■ TASK TO COMPLETE
For this exercise, output exactly and only the lines running from the one with "辦公室前端的會客間裡,明亮的" through the final line of the data below, without pictures.

■ STORED DATA
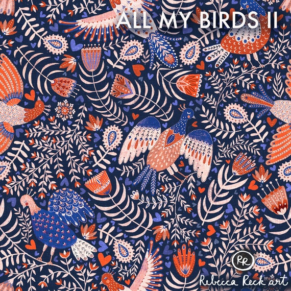 Sweat Fabric All My Birds Swedish Folk Art Etsy
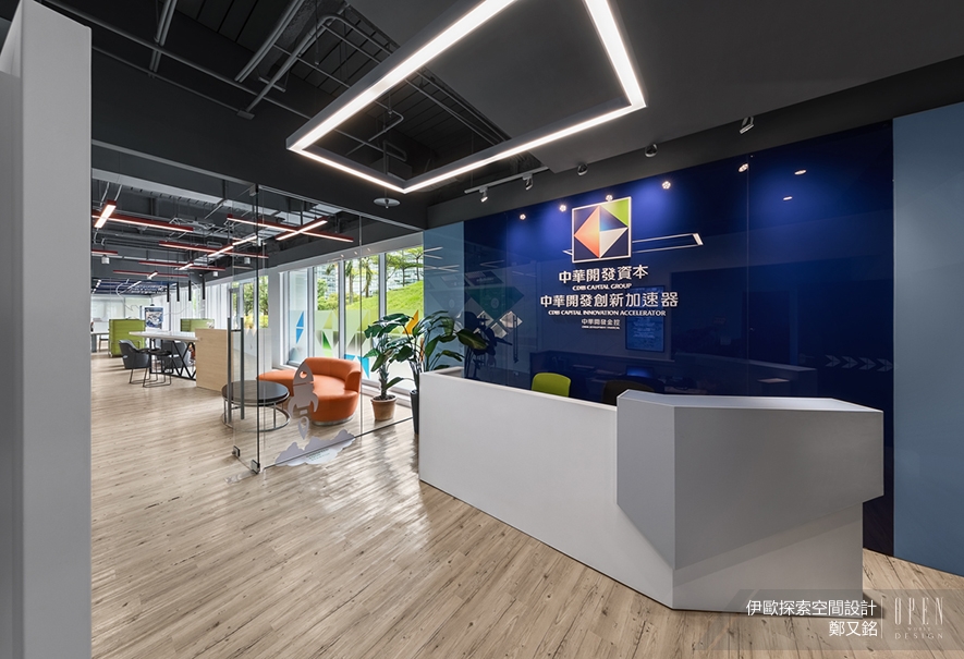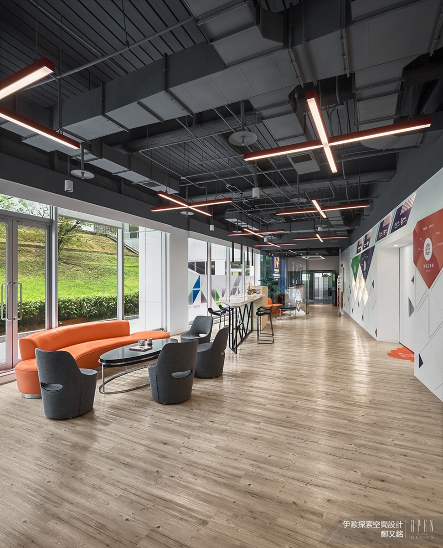 辦公室前端的會客間裡,明亮的採光與窗外的綠茵綿綿,緩和工業風天花板外露管線帶來的壓抑感;十字型燈管的造型設計,也提升空間的時尚色彩;木質元素地板的運用讓員工感受回到家般的舒適;四種不同的會客場域為來客打造多樣化的體驗,而家俱的擺放增加與客戶的互動性,椅件多樣的色彩變化講述不同議會討論方式,不論是中島吧台還是長型沙發都能任君挑選。
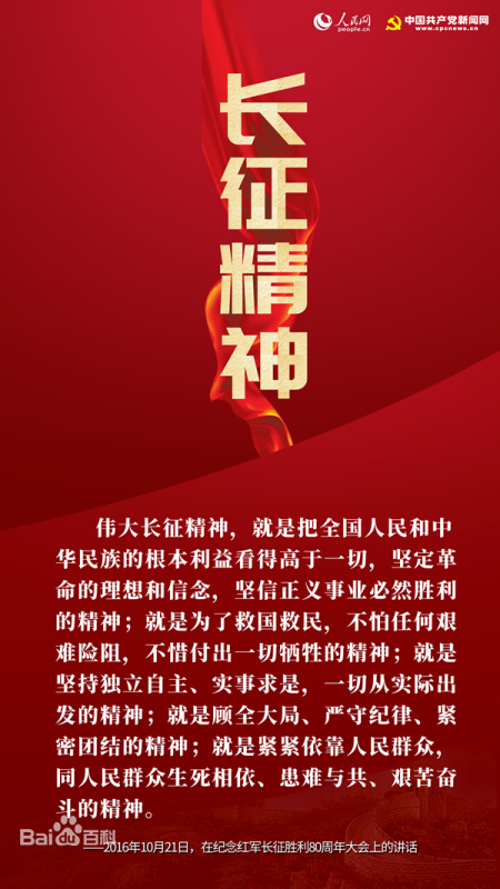 长征精神,红色革命精神之一,是中国共产党在二万五千里长征中创造的革命精神。红军指战员在长征途中表现出对革命理想和事业无比的忠诚、坚定的信念,表现出不怕牺牲、敢于胜利的无产阶级革命乐观主义精神,表现出顾全大局、严守纪律、亲密团结的高尚品德,创造了伟大的长征精神。集中体现为:坚韧不拔,自强不息,勇往直前。最显著特点是一不怕苦,二不怕死的革命英雄主义精神。长征精神是中华民族百折不挠、自强不息的民族精神的最高表现,是保证我们革命和建设事业走向胜利的强大精神力量。

■ ANSWER FOR THIS EXERCISE
 辦公室前端的會客間裡,明亮的採光與窗外的綠茵綿綿,緩和工業風天花板外露管線帶來的壓抑感;十字型燈管的造型設計,也提升空間的時尚色彩;木質元素地板的運用讓員工感受回到家般的舒適;四種不同的會客場域為來客打造多樣化的體驗,而家俱的擺放增加與客戶的互動性,椅件多樣的色彩變化講述不同議會討論方式,不論是中島吧台還是長型沙發都能任君挑選。
 长征精神,红色革命精神之一,是中国共产党在二万五千里长征中创造的革命精神。红军指战员在长征途中表现出对革命理想和事业无比的忠诚、坚定的信念,表现出不怕牺牲、敢于胜利的无产阶级革命乐观主义精神,表现出顾全大局、严守纪律、亲密团结的高尚品德,创造了伟大的长征精神。集中体现为:坚韧不拔,自强不息,勇往直前。最显著特点是一不怕苦,二不怕死的革命英雄主义精神。长征精神是中华民族百折不挠、自强不息的民族精神的最高表现,是保证我们革命和建设事业走向胜利的强大精神力量。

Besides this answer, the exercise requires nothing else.